[Supplied data]

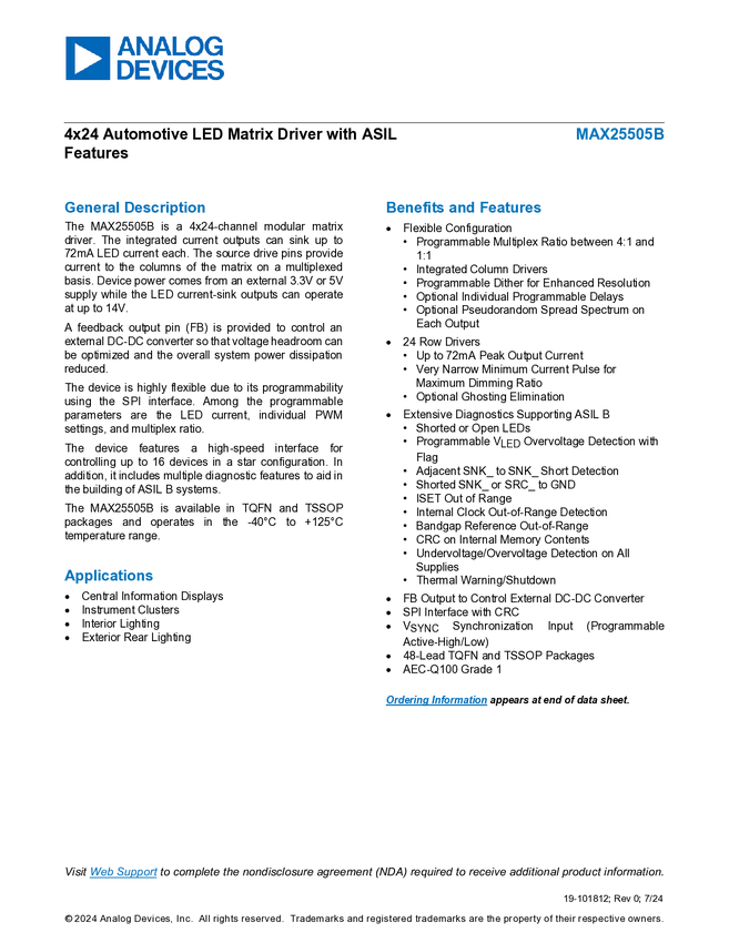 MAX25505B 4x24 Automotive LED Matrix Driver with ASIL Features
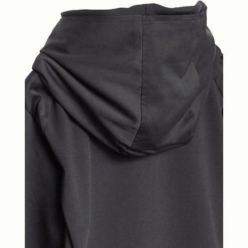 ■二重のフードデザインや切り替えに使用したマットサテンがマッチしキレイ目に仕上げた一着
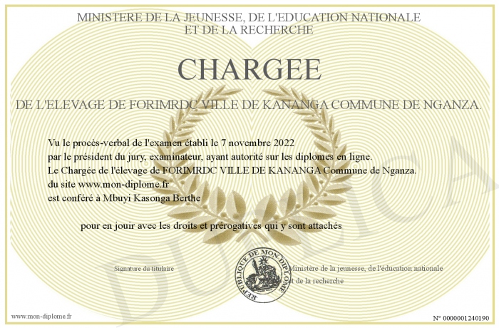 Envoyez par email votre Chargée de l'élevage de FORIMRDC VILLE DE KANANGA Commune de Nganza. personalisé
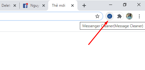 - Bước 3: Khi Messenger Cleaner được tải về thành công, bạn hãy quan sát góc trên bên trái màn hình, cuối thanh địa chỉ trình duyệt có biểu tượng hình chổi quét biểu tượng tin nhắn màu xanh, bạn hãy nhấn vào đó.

[/Supplied data]
[Supplied data]

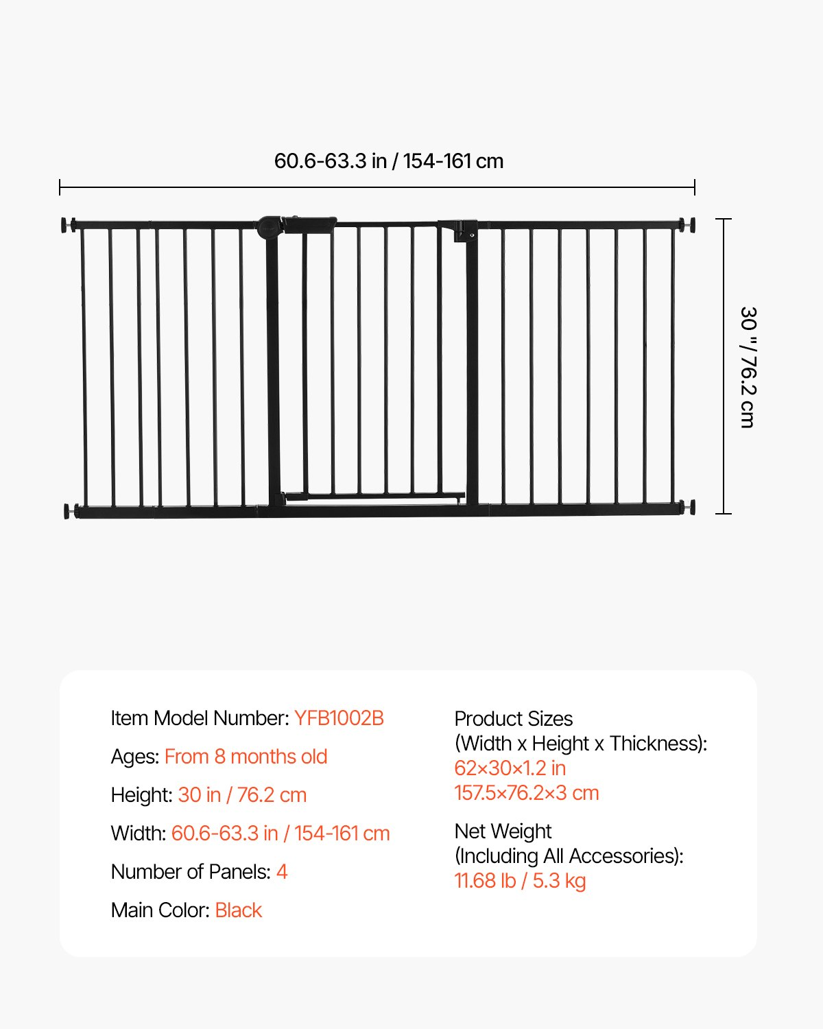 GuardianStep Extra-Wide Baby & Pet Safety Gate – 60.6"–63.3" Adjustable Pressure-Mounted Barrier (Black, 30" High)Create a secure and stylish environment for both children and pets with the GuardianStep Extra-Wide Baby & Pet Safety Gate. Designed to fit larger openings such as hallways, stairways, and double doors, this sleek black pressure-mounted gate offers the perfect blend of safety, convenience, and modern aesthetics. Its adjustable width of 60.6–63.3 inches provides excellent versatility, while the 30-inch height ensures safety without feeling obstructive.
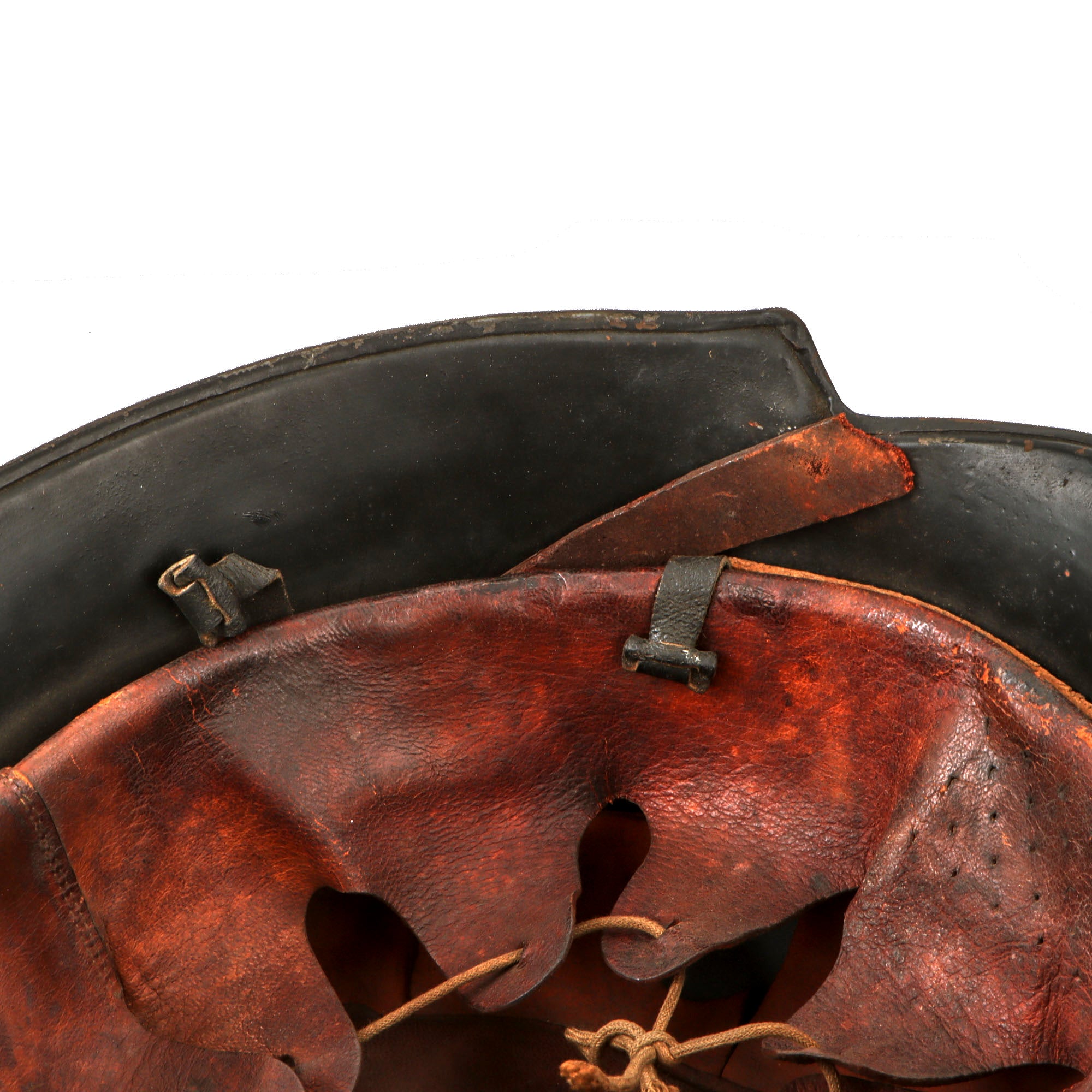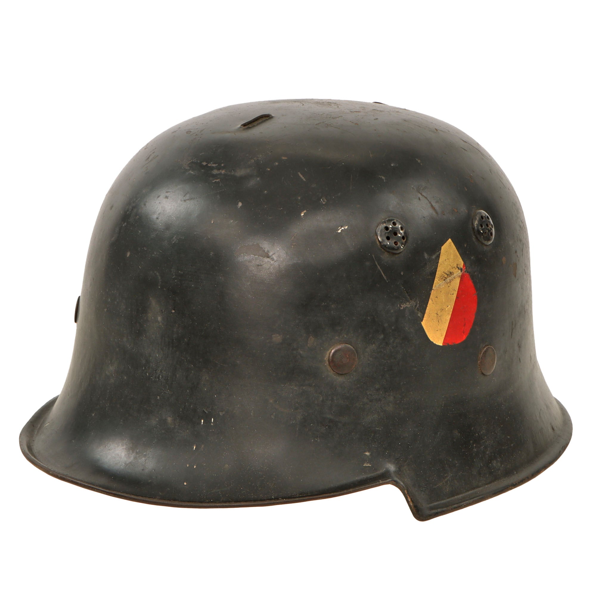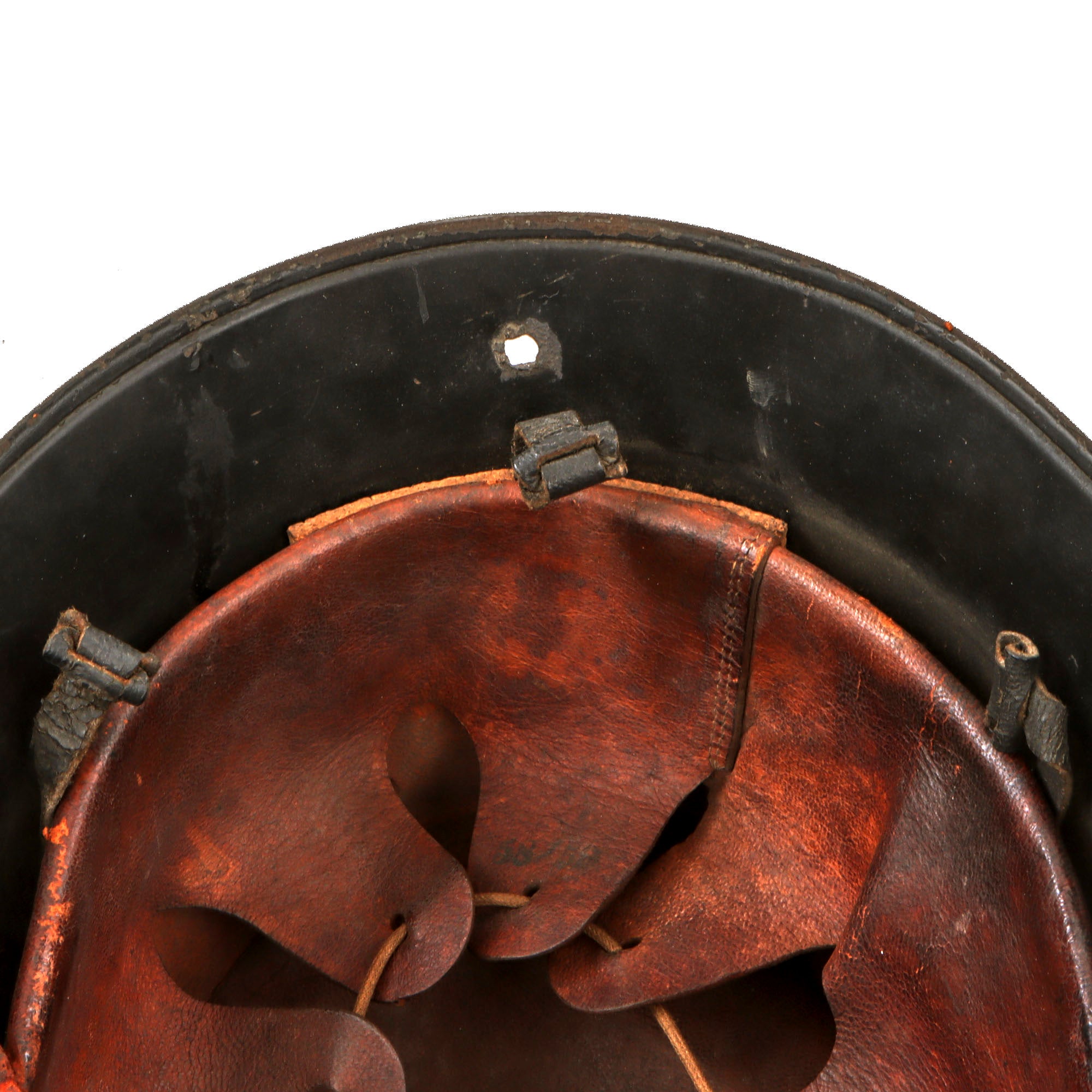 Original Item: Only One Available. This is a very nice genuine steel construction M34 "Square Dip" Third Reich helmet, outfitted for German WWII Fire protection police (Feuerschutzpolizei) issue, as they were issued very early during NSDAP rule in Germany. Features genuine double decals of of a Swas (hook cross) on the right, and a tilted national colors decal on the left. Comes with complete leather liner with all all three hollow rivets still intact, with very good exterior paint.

[/Supplied data]

[Your objective] Give back exactly, and solely, the section of the data above bounded by the line containing "Envoyez par email" and the line containing "- Bước 3: Khi", both bounding lines included and pictures omitted.

[Exercise result]
 Envoyez par email votre Chargée de l'élevage de FORIMRDC VILLE DE KANANGA Commune de Nganza. personalisé
 - Bước 3: Khi Messenger Cleaner được tải về thành công, bạn hãy quan sát góc trên bên trái màn hình, cuối thanh địa chỉ trình duyệt có biểu tượng hình chổi quét biểu tượng tin nhắn màu xanh, bạn hãy nhấn vào đó.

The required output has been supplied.